Certain measures need to be taken to maintain the legitimacy of web crawler technology. First of all, the scope of use of web crawlers should be further limited, such as forcing web crawlers to only crawl information disclosed on the Internet, the use of web crawlers must not affect the normal operation of the original website, personal information crawled by web crawlers must not be disclosed without consent, and the purpose of web crawlers should be clarified before crawling information. The technology of web crawlers is a double-edged sword, how to use is the key to determine its value, and it is a feasible way to limit the legality of web crawler technology. See the paper ↓ for details

(For details, see the paper "The Evolution of Web Crawlers and Their Legality Limits": In order to reflect and maintain the neutrality of technology, web crawlers need to legally define their legality, that is, to delineate the boundaries of the legal use of crawler technology.) We believe that web crawlers can be legally qualified from the following three aspects. First, as far as crawling objects are concerned, web crawlers should be crawling for public data; Second, web crawlers should not be intrusive in terms of the means or methods used for data scraping. Whether it is invasive should be judged from two aspects: whether the technology itself is invasive and whether the data crawling behavior complies with the crawler agreement and contractual agreements. Third, from the perspective of the main body of development and utilization of network crawler technology, the "legitimacy of purpose" should be limited. These three qualifications are sufficient conditions for the judgment of the legitimacy of web crawlers, that is, only data crawling behaviors that meet these three conditions are legal. Conversely, if any of these conditions are not met, the data scraping behavior can be considered illegal. ...... )
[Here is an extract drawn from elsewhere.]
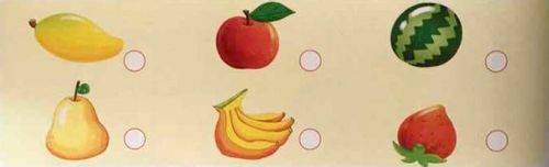 分类能力:下面的水果哪些是长在树上的,哪些是长在地上的?请把长在树上的水果右侧的“O”涂上蓝色,把长在地上的水果右侧的“O”涂上红色。

Second, legislation should be strengthened to promote legislation in the Cybersecurity Law and Criminal Law on the protection of personal privacy information and the attribution of data in the Internet era; It can also set up special offices and expert groups to adjust the legislation of web crawler technology in real time to keep up with the development of science and technology. In view of the above-mentioned rapid progress of science and technology, it is difficult for legislative work to keep pace with the times, and the existing laws and regulations have the characteristics of lag and conservatism, the above problems can be alleviated by using methods such as frequent updating and frequent interpretation of laws and regulations by expert groups, publicity and collective learning of typical cases.

In addition, a sound and reasonable reporting mechanism should be established to encourage the reporting of illegal crawling behavior. Add a number of supervision and reporting channels, such as opening special websites, offices, mailboxes, etc. Under China's current national conditions, a special technical department can be set up to carry out special supervision of crawlers on the Internet, and link with the procuratorate, complementing each other, technical personnel find and deal with illegal crawlers on the network, and the procuratorate supervises the department itself to prevent deterioration within the department.

In addition, real-name authentication can also be carried out for individuals and enterprises using web crawler technology, without authentication it cannot be used, once discovered, it will be severely punished; Or regularly organize judicial and law enforcement personnel to study relevant laws and regulations.